A separate arm of Felda had walked away from the same deal in 2016, on the advice of two investment banks and opposition from the settlers who feared the additional burden it would place on the agency. But FGV pushed through on the deal. At the end of 2017, one analyst described it as “the turkey of the year”.
Peter Sondakh, the owner of Eagle High Plantations, is a friend of the Malaysian Prime Minister, a connection that led some to conclude that the deal was a bailout for the loss-making firm. After it went through, the Felda chairman claimed that his agency was an “intermediary” for the government in the acquisition, a suggestion that failed to stem concern over the propriety of the deal. “Billions of ringgit meant for the interest of [a] rural smallholders’ plantation scheme are being used to acquire a foreign plantation company with known ties to Najib, at an extremely inflated price,” said Tony Pua, an MP with Malaysia’s main opposition party. Eagle High’s share price has since plummeted, resulting in a huge paper loss to FGV.
These scandals are not academic for the settlers the agency was established to help. Many hold shares in FGV, which has chalked up billions of ringgit in losses due to dubious investments. Its share price has plummeted by some 75 percent since its 2012 IPO.
A 2012 protest joined by more than 1,000 settlers against then Felda chairman Tan Sri Isa Samad.
They demanded that Felda land be returned to the settlers, citing the precarious position of the 360,000 hectares of land due to the dismal performance of FGV shares.
“Even when FGV was launched, the government said this was going to make us richer”, one settler told Malaysian Insight. “But it’s made things worse.” Mazlan Aliman, the president of a smallholder advocacy group told Reuters this month that the mismanagement of Felda had “raised anger” among the settlers. “They see the government is not serious in addressing these issues, but instead try to cover up.”
Many of the smallholders Felda claims to represent have even accused it of stealing from them, by systematically under-pricing the fruit they are obliged to sell to it.

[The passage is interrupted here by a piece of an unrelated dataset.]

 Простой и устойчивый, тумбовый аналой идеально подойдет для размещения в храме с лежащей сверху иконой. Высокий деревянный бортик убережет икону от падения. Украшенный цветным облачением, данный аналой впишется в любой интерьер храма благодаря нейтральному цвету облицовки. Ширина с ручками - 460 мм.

Thousands have launched legal action against the company, in one case winning a multi-million dollar settlement.
The real anger felt by some Malaysian smallholders towards the EU is understandable, but misplaced. They are not responsible for the environmental damage cause by oil palm expansion. Smallholders, particularly those replanting old, established plantations like the Felda settlers, have an environmental footprint that pales in comparison to that of the large-scale, corporate plantations that dominate the industry.
FGV subsidiary PT Temila Agro Abadi allegedly clearing peatland January 1, 2017 to April 22, 2017.

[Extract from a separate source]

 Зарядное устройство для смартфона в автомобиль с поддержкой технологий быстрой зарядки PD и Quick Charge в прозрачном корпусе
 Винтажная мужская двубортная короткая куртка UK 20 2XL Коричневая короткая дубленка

It is large corporations, draining peatlands and bulldozing and burning thousands of hectares of forest, that have forced the EU’s hand. In moving away from supporting farmers and into large-scale projects, Felda has joined their ranks. In April 2017, the NGO Aidenvironment published an analysis showing how Indonesian Felda subsidiary PT Temila Agro Abadi had cleared and begun draining hundreds of hectares of peatland. Just a year earlier, President Joko Widodo had issued an instruction banning the clearance of peat.
It is precisely these carbon-rich ecosystems, and the encroachment of plantation firms onto them, that have made the use of oil palm in renewable energies farcical. If it really wants to help smallholders, the Malaysian government would do better to rein in the destructive and corrupt practices of Felda than rail at the EU.